Palestine Writes
- Formation: 2020
- Purpose: Celebrating and promoting cultural productions of Palestinian writers and artists
- Headquarters: Yardley, PA
- Key people: Susan Abulhawa (executive director)
- Website: https://palestinewrites.org/

= Palestine Writes =

Palestinian cultural and literary festival

Palestine Writes, founded as Palestine Writes Back, is a festival that presents Palestinian culture and literature. The festival, which claims to be the largest celebration of Palestinian literature and culture in North America, was first held 2020.

The festival was originally scheduled in March 2020, but was virtually presented in December 2020 due to the pandemic, with an attendance of more than 3000 people. Organizers explicitly aimed to include both Palestinians and non-Palestinians "to imagine a world we want". Among others, it was sponsored by the Lannan Foundation, the Rockefeller Brothers Fund, and the Columbia University Center for Palestine Studies.

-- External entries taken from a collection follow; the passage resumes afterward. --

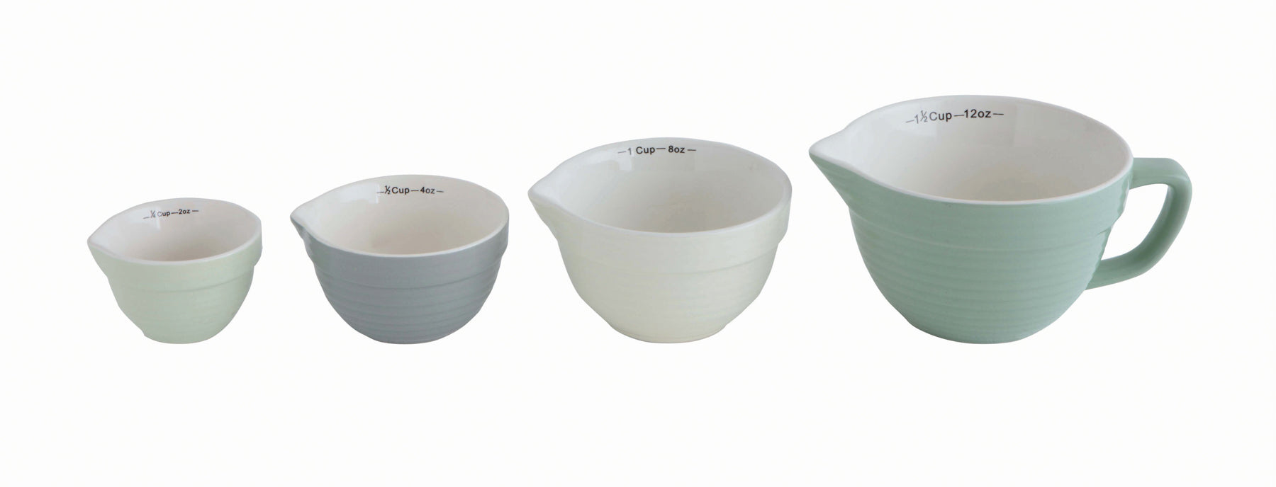 Stoneware Batter Bowl Measuring Cups - Includes 4 pieces, all with measurements in cups and ounces! Comes in a lovely mix of colors !
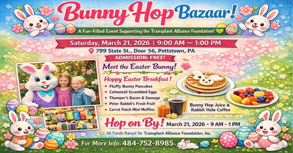 Bunny Hop Bazaar! Hop into spring with us for a day full of family fun, shopping, and Easter magic — all while supporting the Transplant Alliance Foundation!   Saturday, March 21, 2026 9:00 AM – 1:00 PM 799 State Street, Door 56, Pottstown, PA Admission: FREE! Preorder guarantees you a seat!  Meet the Easter BunnyBring the kids for photos and sweet Easter memories!  Hoppy Easter Breakfast Kick off your morning with our festive breakfast menu:Fluffy Bunny Pancakes with syrup and butterCottontail Scrambled EggsThumper’s Bacon & SausagePeter Rabbit’s Fresh FruitCarrot Patch Mini Muffins  Drinks:Bunny Hop Juice – refreshing orange juiceRabbit Hole Coffee – hot, fresh-brewed coffee  Vendors & CraftersShop local and explore unique handmade items and spring favorites.  Shopping GaloreFind something special for everyone while enjoying a fun community atmosphere! Bring the whole family for a joyful morning filled with food, fun, shopping, and Easter spirit — all for a great cause. We can’t wait to see you there!   For more details: 484-752-8985All funds raised benefit Transplant Alliance Foundation, Inc.
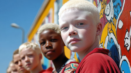 A group of diverse children stands confidently against a colorful mural wall, AI
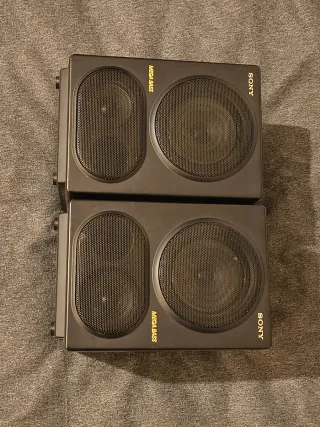 Par de altavoces Sony Megabass en color negro. - Perfectos para un equipo de música antiguo o un ampli. - Conexión por cable
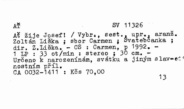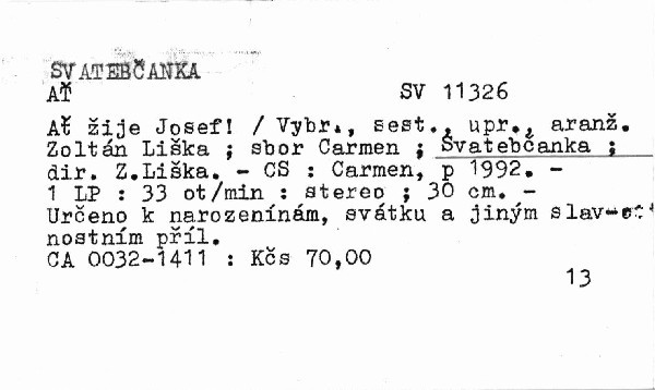 | Katalogové číslo zvuk. | CA 0032-1 |
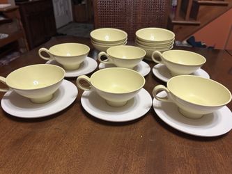 vintage Boontonware melamine yellow & white tea cups, saucers & berry bowls Made in USA $20Middletown, NY
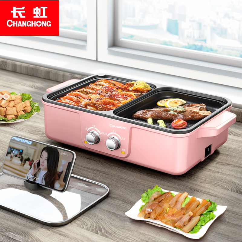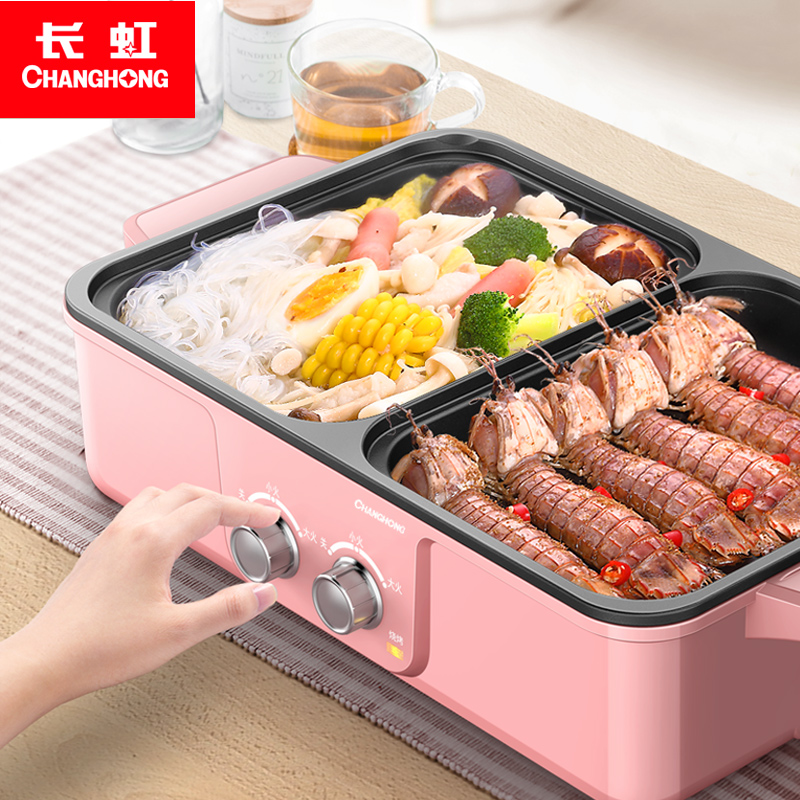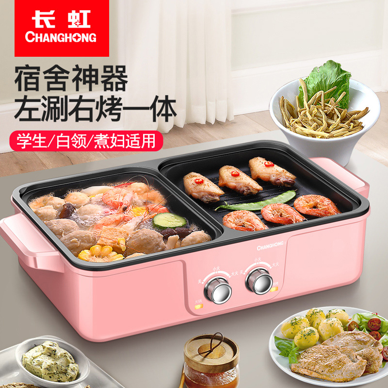 Long Iridescent Baking Integrated Pan Grilled Hot Pot Barbecue Dual-use Grilled Meat Pan For Home Frying Pan Electric Oven Electric Baking Pan
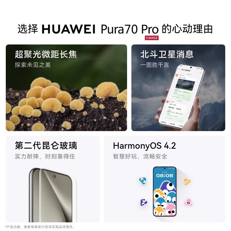 HUAWEI Pura 超聚光微距长焦 华为 Pro超高速风驰闪拍 北斗卫星图片消息华为P70旗舰手机 自营
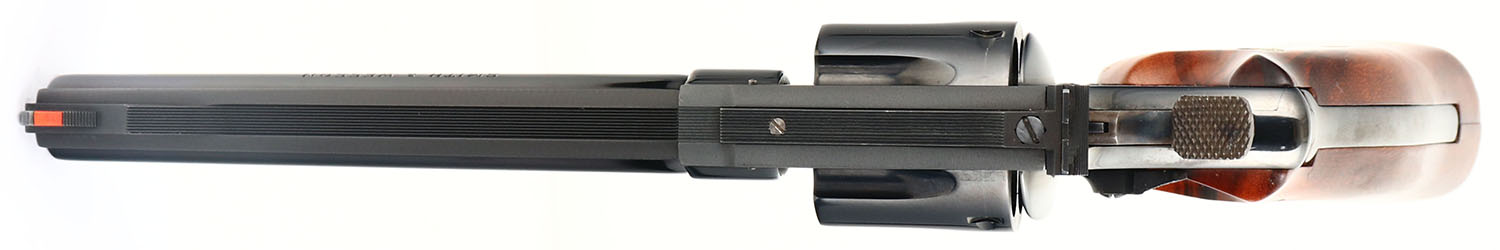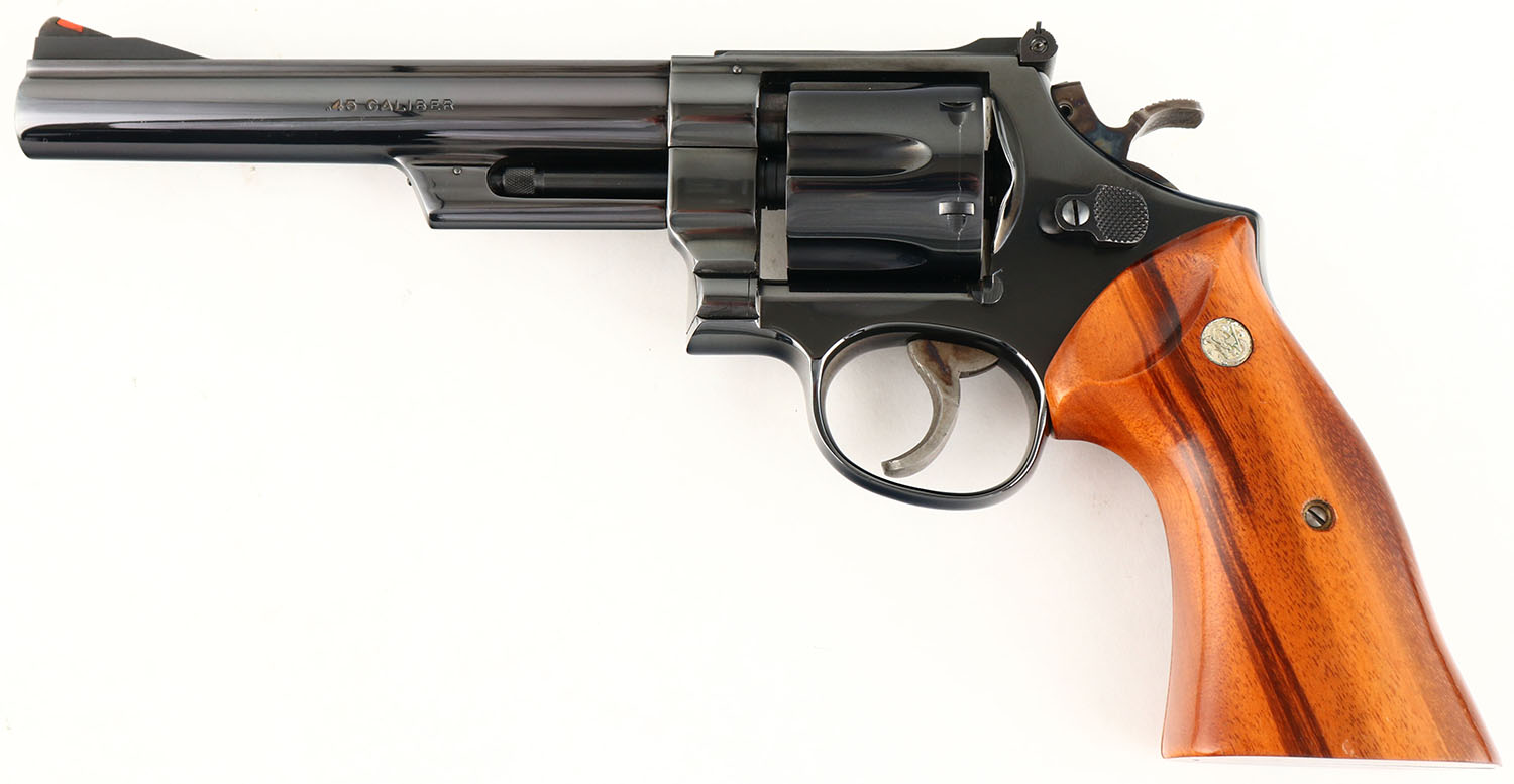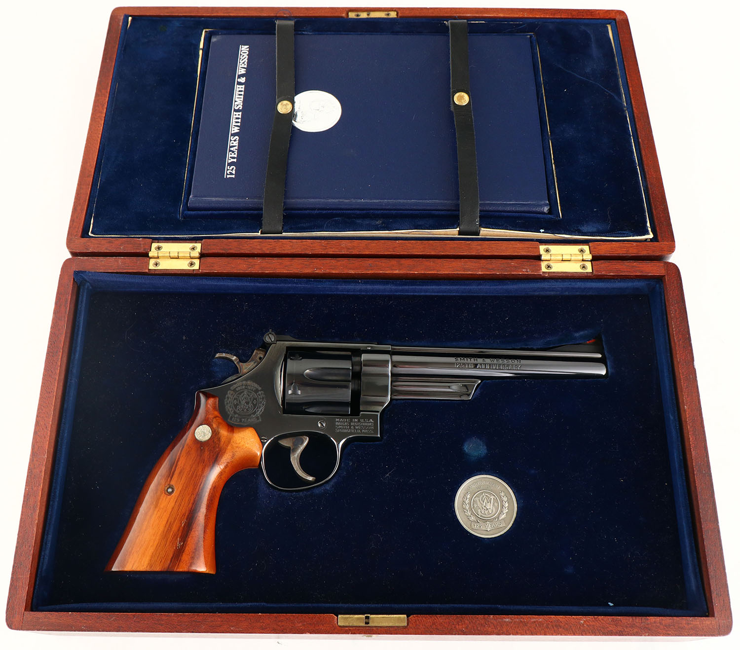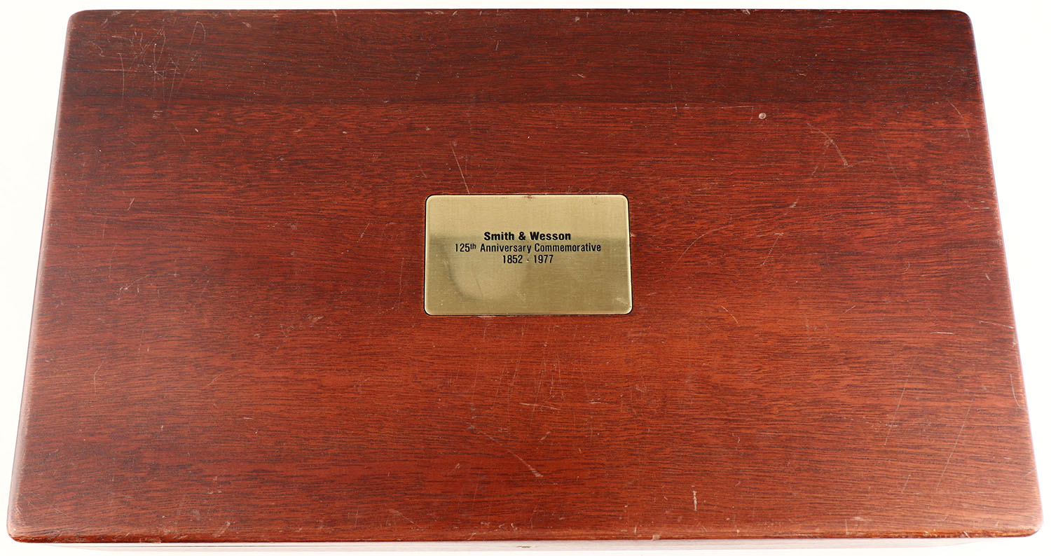 CASED, Smith & Wesson, Model 25-3 125th Anniversary Edition, CAL: .45 LC, MFG: 1977, SN: S&W9788, Double Action Revolver, 6 1/2'' barrel. The S&W logo medallion Goncalo Alves smooth wood grips are excellent. The metal blue finish rates 99% overall. Bore is excellent. Adjustable rear sight & ramp elevated serrated blade front sight, with orange insert. The right side of the barrel is marked in two lines ''SMITH & WESSON 125TH ANNIVERSARY'', the left side of the barrel is marked ''.45 CALIBER'' & the 125th Anniversary seal can be found on the right side of the frame. The revolver is accompanied by ''125 Years of Smith & Wesson'' book by Roy G Jinks, inside a S&W 125th Anniversary Presentation case, with commemorative medallion. The case & accessories are excellent. A complete 125th Anniversary set. Only 10,000 produced. FFL or C&R Req. (C&R Eligible Commemorative) - Value: 1000 to 1500

In September 2023, Palestine Writes took place on the campus of the University of Pennsylvania. Programming included oral storytelling, graphic novels, dress-making, and other displays of Palestinian culture. The event featured more than 100 pro-Palestinian speakers. It was criticized by the Anti-Defamation League and the Jewish Federation of Greater Philadelphia based on the participation of speakers accused of antisemitism, notably Roger Waters. The organizers categorically rejected these accusations, asserting that criticism of Israel should not be equated with antisemitism.

The criticism of the festival intensified following the October 2023 Hamas-led attack on Israel.